ONE LAST PUSH
Mania, Jon Kellar, Sean O'Gara
~Kellar is sitting at the table
reading a letter, Sean is sitting opposite~
Kellar: Why? Why would she do this now?
Sean: Because she wanted what was best for you, she felt that if
she were here she would be a distraction, so she's just gone away for a while.
Kellar: She just took off and then sent me a letter? Didn't she
say anything else?
Sean: Not to me...
~Kev, who is standing nearby, opens his
mouth to say something, but then sees the look in Sean's eyes and closes his
mouth. He shakes his head~
Kellar: This doesn't seem like her at all...
Sean: Jon... that is her handwriting...
Sean: But nothing... you've been neglecting your training quite
enough these last couple of weeks. I mean does the Lord of the Coliseum mean
nothing to you anymore?
Kellar: Don't be ridiculous...
Sean: Well you don't exactly seem to be going out of your way to
prove me wrong on that front... most of the other competitors seem to have
forgotten you exist... and those opponents who do mention you are laughing.

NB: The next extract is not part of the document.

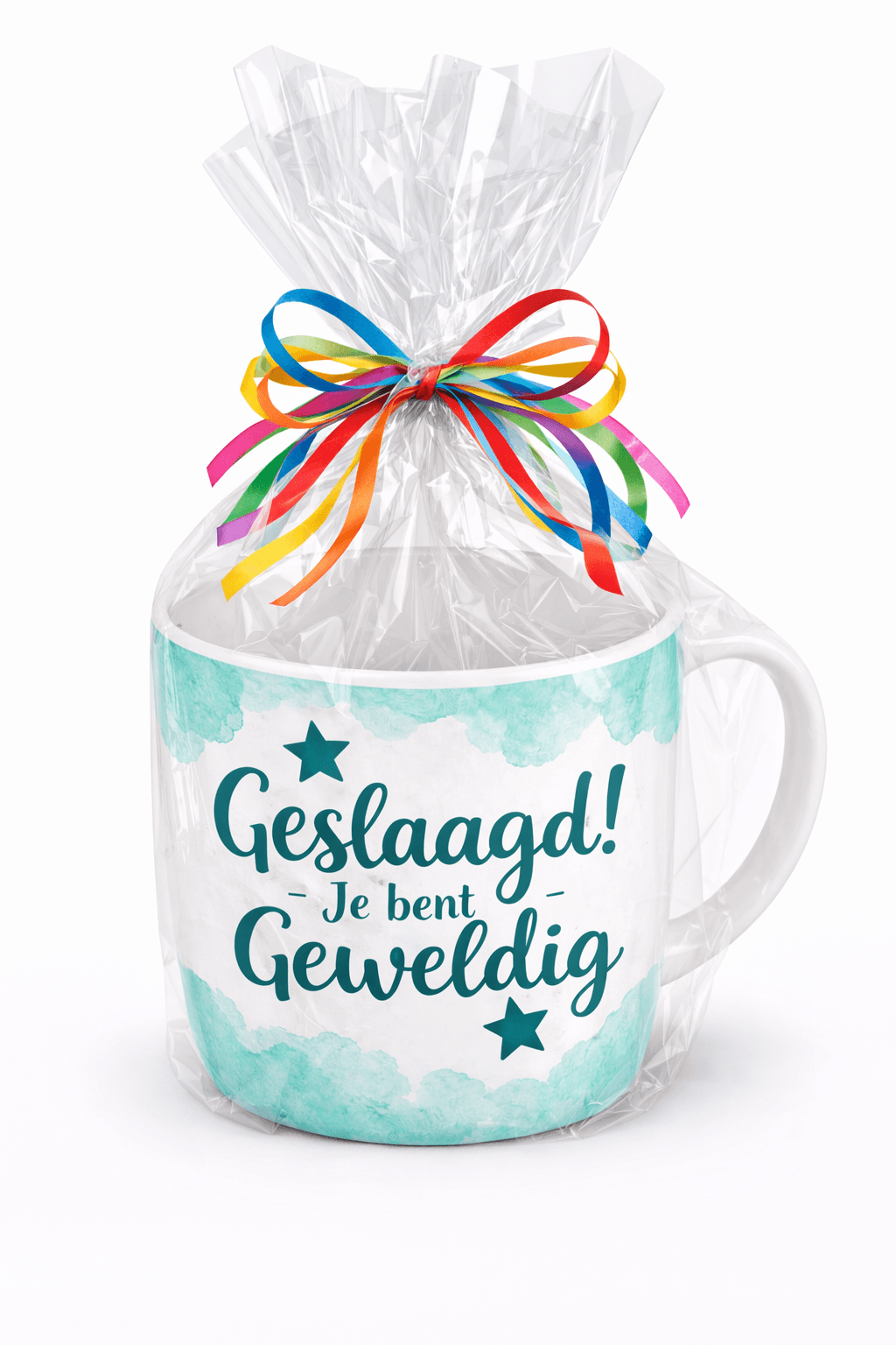De mok wordt ingepakt in doorzichtige folie met gekleurde linten. Eventueel kunt u een eigen tekst kwijt op een extra aangebracht zijden lint om het cadeau nog meer kracht of charme te geven. Op deze manier kunt u uw cadeau nog persoonlijker maken.

Knocking out the ROH Icon just wasn't enough... and you're only as good as your
last achievement. Win the LOTC and not a single one of them will be able to
ignore that. In the meantime, we need to send a little reminder to the world
that you're still around...
Kellar: Sounds good to me... and how do you propose we begin?
Sean: Well... I took the liberty of...
~He hands Kellar the newspaper~
~Kellar looks up at Sean~
Kellar: I don't remember saying any of that...
Sean: You didn't... but they don't need to know that... and this
just the beginning. By the end of tonight, there won't be a single media outlet
that isn't singing your praises and crowning you as champion.
Kellar: And this is supposed to achieve what?
Sean: Jon, 2 years ago the world was your oyster, your roster
profile even says so, now you stand on the brink of having it all again. We need
to let everyone in earshot know that you are not going to let this chance slip
away without a fight.
Kellar: I think people know that sort of thing already without
me having to remind me again.
~Sean slaps Kellar~
Sean: Don't even think that. If there's one thing I've learnt
about the puss filled sacks of skin that we call wrestling fans it's that
they're as fickle as anything can possibly be. One minute you're the next big
thing, the next you're development material that originally showed promise.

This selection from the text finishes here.